Symmetric multiprocessing (SMP) code often requires expensive instructions, including atomic operations and memory barriers, and often causes expensive cache misses. Yet some SMP code can be extremely cheap and fast, using no expensive instructions at all. Examples of cheap SMP code include per-CPU counters and RCU read-side critical sections. So why can't all SMP code be cheap? Is it just that we aren't smart enough to spot clever ways of implementing other algorithms, for example, concurrent stacks and queues? Is it that we might be able to implement concurrent stacks and queues without expensive instructions, but only at the cost of mind-bending complexity? Or is it simply impossible to implement concurrent stacks and queues without using expensive instructions?

My traditional approach has been to place my faith in two observations: (1) if you beat your head against a wall long enough, one of two things is bound to happen, and (2) I have a hard head. Although this approach has worked well, something less painful would be quite welcome. And so it was with great interest that I read a paper entitled "Laws of Order: Expensive Synchronization in Concurrent Algorithms Cannot be Eliminated" by Attiya et al., with the “et al.” including Maged Michael, whom I have had the privilege of working with for quite some time.

It is important to note that the title overstates the paper's case somewhat. Yes, the paper does present some laws requiring that many concurrent algorithms use expensive instructions, however, all laws have their loopholes, including the Laws of Order. So while we do need to understand the Laws of Order, we most especially need to understand how to fully exploit their loopholes.

To arrive at the Laws of Order, this paper first expands the definition of commutativity to include sequential composition, which in the C language can best be thought of as the “;” operator. In this case, commutativity depends not just on the operator, but on the operands, which for our purposes can be thought of as calls to arbitrary C functions. For example, the statements:

    atomic_inc(&x); 
    atomic_inc(&y);

are commutative: the values of x and y are the same regardless of the order of execution. In contrast:

    atomic_set(&x, 1); 
    atomic_set(&x, 2);

are non-commutative: the value of x will be either 1 or 2, depending on which executes first.
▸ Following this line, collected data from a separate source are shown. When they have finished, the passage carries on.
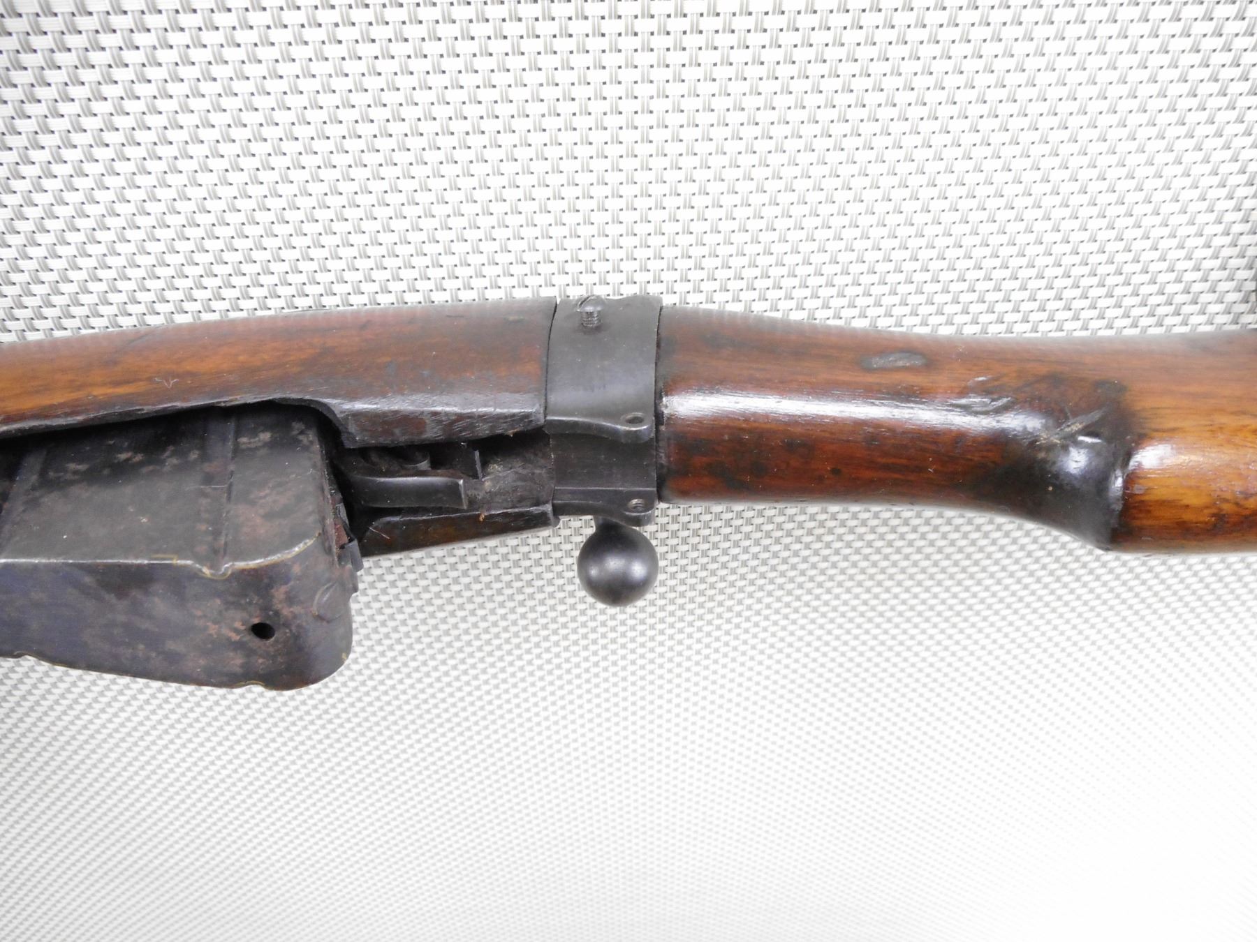 LEE ENFIELD , MODEL: NO. 1 MK III* SMLE , CALIBER: 303 BR , COMES WITH MAGAZINE . BORE IS EXCELLENT. BOLT AND RECEIVER ARE MATCHING BY SERIAL #. RAMP FRONT AND ADJUSTABLE REAR SIGHT. RETAINS ORGINAL MILITARY STOCK. BOLT BODY BUT HAS NO BOLT HEAD. MISSING TRIGGER ASSEMBLY. NO TRIGGER GUARD. NO COSE CAP, PLUNGER OR SCREWS. NO SAFETY AND SCREWS. FOREND CRACKED AT THE REAR. MISSING REINFORCING KEY. MISSING MID BARREL BAND. MISSING BUTT UNIT DISC. VERY GOOD BORE. MISSING MIDDLE BARREL BAND, SWIVEL AND SCREW. NO TOP HAND GUARDS. SHOWS SOME HANDLING MARKS AND WEARACTION: BOLT ACTION RIFLE , BARREL LENGTH: 25" , SERIAL # B93902 , CONDITION: 3/10 , CLASS: CANADIAN NON RESTRICTED CLASS
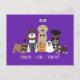 Cute illustration of dogs and a cat wearing Halloween costumes.
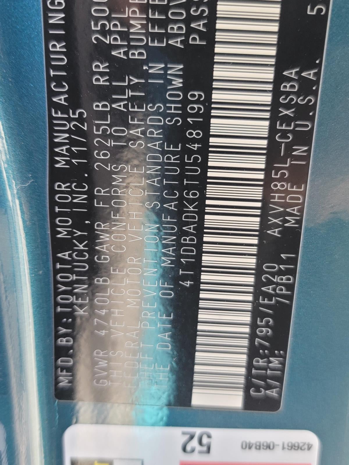 VIN: 4T1DBADK6TU548199
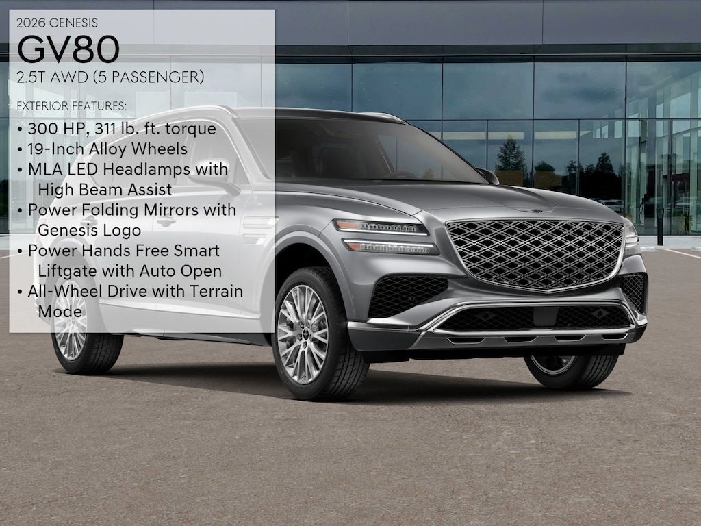 Not all rebates can be combined. Not all consumers will qualify for rebates. Please see dealer for details and eligibility. Final price is determined and set in agreement with consumer. Silver 2026 Genesis GV80 2.5T AWD 8-Speed Automatic 2.5L DOHC
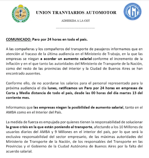 “Las empresas se niegan a acordar un aumento salarial conforme el incremento de la inflación y en el que tanto las autoridades del Ministerio de Transporte de la Nación, como del resto de las provincias del interior y la Ciudad de Buenos Aires se han encontrado ausentes”, explica en el texto.
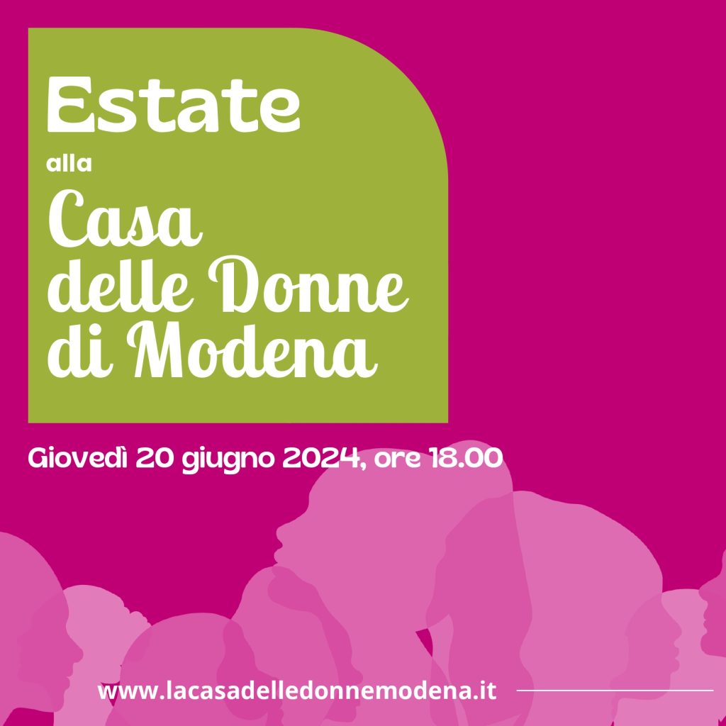 Dal 13 giugno al 4 luglio 2024 si terrà presso la Sala Renata Bergonzoni – Casa delle Donne (Str. Vaciglio nord 6, Modena) la rassegna Estate alla Casa delle Donne di Modena promossa dalla Casa delle Donne di Modena in collaborazione con Giunti al Punto – Librerie. 2° appuntamento – Giovedì 20 giugno 2024, ore 18.00 Vogliamo più […]
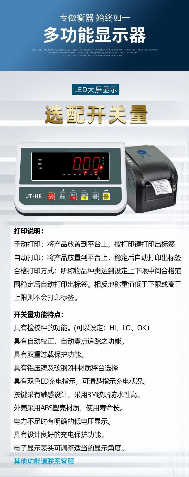 巨鼎天衡JT-H8电子秤功能特征:
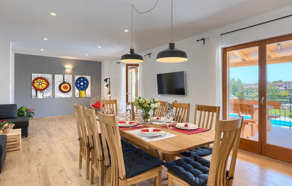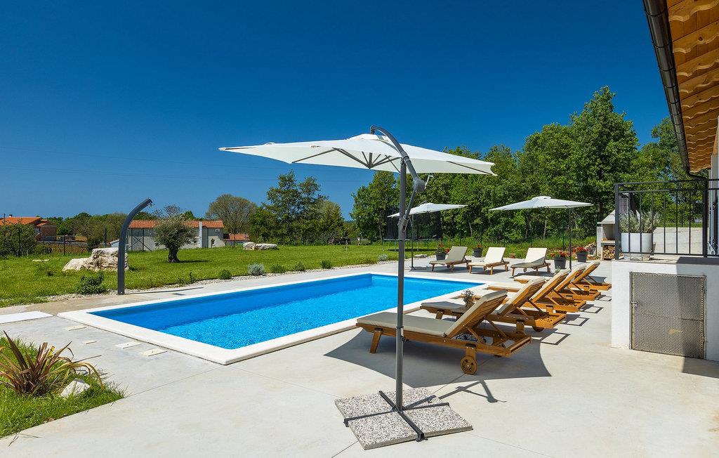 Villa Roza-Dolinci ligger i hjertet af Istrien, i den rolige landsby Dolinci, Sveti Petar u Sumi. Det er bygget i traditionel istrisk stil og inviterer dig til fuldstændig fred og afslapning. Stueetagen af villaen består af en hyggelig stue, en spisestue, et fuldt udstyret køkken med en kogeø, hvor alle kan nyde charmen ved at lave mad, og et pænt indrettet soveværelse, et badeværelse og et separat toilet. Ovenpå er de andre 3 soveværelser, hvoraf to har to enkeltsenge, der kan kombineres, og et værelse med dobbeltseng. Alle værelser har eget badeværelse, Smart TV og aircondition. Stuen og soveværelserne er dekoreret med abstrakte malerier af lokale kunstnere. Huset er stilfuldt designet i istrisk ånd, lavet af naturmaterialer, med mange trædele såsom en overdækket terrasse, hvor der er en udendørs spiseplads og en kulgrill. Foran villaen er der en 32m2 pool, som er et ideelt sted for forfriskning på de varme sommerdage. Stueetagen (stue, soveværelse og badeværelse), området omkring huset, terrassen og solterrassen ved siden af poolen er velegnet til gæster med begrænset mobilitet og kørestolsbrugere. Poolen og terrassen vender mod syd, så du kan nyde solen hele dagen lang. Ved siden af poolen ligger et poolhus med et opholdsområde, hvor du kan slappe af og nyde pooludsigten. Villaen har trampolin og dart til sjove stunder for hele familien. Hvis du vil udforske omgivelserne, betyder villaens beliggenhed i det centrale Istrien, at du meget hurtigt kan nå de mangfoldige og talrige manifestationer og begivenheder i alle dele af Istrien. Nyd en ferie sammen i villaen og skab uforglemmelige minder, som du vil huske i lang tid!Sveti Petar u Sumi blev opkaldt efter et benediktinerkloster fra begyndelsen af det 12. århundrede, men i århundreder tilhørte det de paulinske fædre - de hvide munke. Det er et usædvanligt sted i Istrien. I modsætning til andre byer og byer i Istrien, hvor landsbyerne ligger på et bjerg, er Sv. Petar u Sumi ligger på et kuperet plateau omgivet af gamle skove. I det omkringliggende område er der en 18 km lang cykelsti, der fører besøgende gennem uberørt natur. Også attraktiv er den 4,2 km lange vandresti Križni put med 14 stationer med stenskulpturer af sakrale motiver. Talrige begivenheder finder sted i Sveti Petar u Sumi, som tiltrækker mange besøgende hvert år. Det mest kendte er pølsemarkedet, hvor mesterskabet i traditionel pølsefyld finder sted. Ikke langt fra villaen er der talrige taverner, hvor du kan smage de fineste istriske delikatesser. Vi anbefaler at besøge andre turistdestinationer, såsom byerne Pula og Rovinj ved kysten og middelalderbyerne Motovun og Buzet i det centrale Istrien.
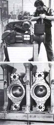 Dazu bedarf es besonderer Pumpen. Kreiselpumpen sind zum Beispiel nicht in der Lage, die notwendigen Drücke zu liefern; herkömmliche Pumpen unterliegen einem allzu raschen Verschleiß, wenn ihre beweglichen Teile mit dem mechanisch oder chemisch aggressiven Transportgut unmittelbar in Berührung kommen. Der Weg des Josef Emmerich: Grundlage ist das Kolbenpumpen-System, weil es die notwendigen Energien überträgt; aber die Energie der Kolbenarbeit wirkt nicht unmittelbar, sondern über ein Ölreservoir von konstantem Volumen auf eine widerstandsfähige Membrane ein und diese wiederum auf das Transportgut — mit Drücken bis zu 250 Bar.
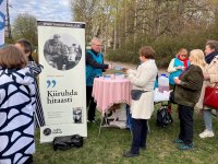 Maali ostarin vieressä Relanderin aukiolla. Maalissa tarjotaan mehua.
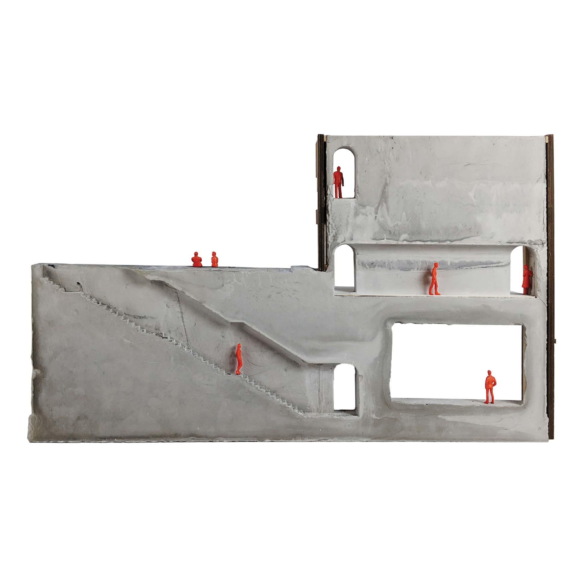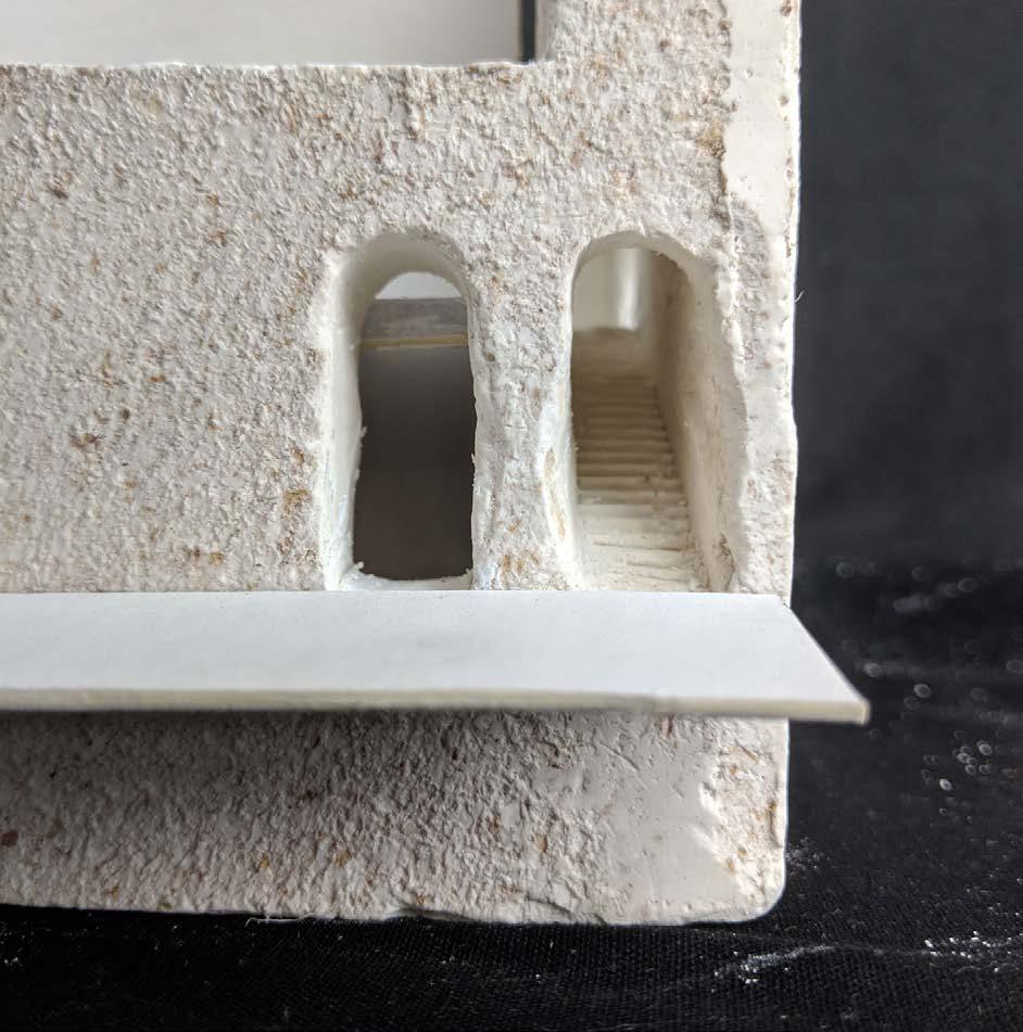 A key transition in the model making process was the introduction of ‘Rockite’. A concrete looking, plaster acting mixture that renders the materials it is casted against.
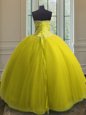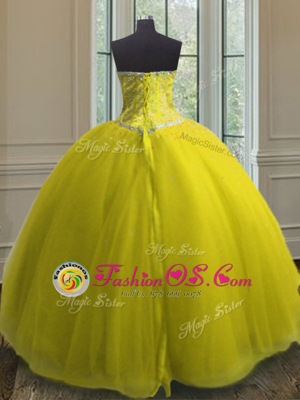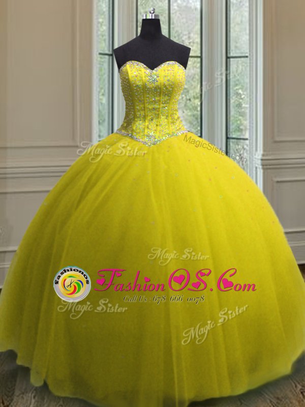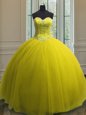 Superior Yellow Ball Gowns Sweetheart Sleeveless Tulle Floor Length Lace Up Beading and Sequins Quinceanera Gowns

These examples execute sequentially, but the paper considers concurrent execution. To see this, consider a concurrent set that has these operations:

a set-member-addition function (call it set_add()) that returns an indication of whether the element to be added was already in the set,
a set-member-test function (call it set_member()), and
a set-member-removal function (call it set_remove()) that returns an indication of whether anything had actually been removed.

Then concurrently testing two distinct members is commutative: the order in which set_member(&s, 1) and set_member(&s, 2) execute will not affect the return values from either, and the final value of set s will be the same in either case. Therefore, it is not necessary for the two invocations to coordinate with each other. The fact that coordination is not required means that there is some hope that expensive instructions are not needed to implement set_member().

In contrast, concurrent invocation of set_add(&s, 1) and set_member(&s, 1) would not be commutative if the set s initially did not contain the value 1. The set_member() invocation would return true only if it executed after the set_add(). Some coordination between the two functions is clearly required.

The most important results of the paper rely on a strong form of non-commutativity, which is strangely enough termed “strong non-commutativity”, which we can abbreviate to “SNC”. The example in the previous paragraph is not SNC because, while set_add() can affect set_member(), the reverse is not the case. In contrast, an SNC pair of functions would each affect the other's result. For example, consider set_add(&s, 1) and set_remove(&s, 1), where the set s is initially empty. If set_add(&s, 1) executes first, then both functions will indicate success, and set s will be empty. On the other hand, if set_remove(&s, 1) executes first, then only the set_add(&s, 1) will indicate success and the set s will contain 1. In this case, the return value of set_remove() is affected by the order of execution. On the other hand, if the set s initially contains 1, it will be set_add(&s, 1) whose return value is affected. Therefore, the order of execution can affect the return value of both functions, and these functions are therefore SNC.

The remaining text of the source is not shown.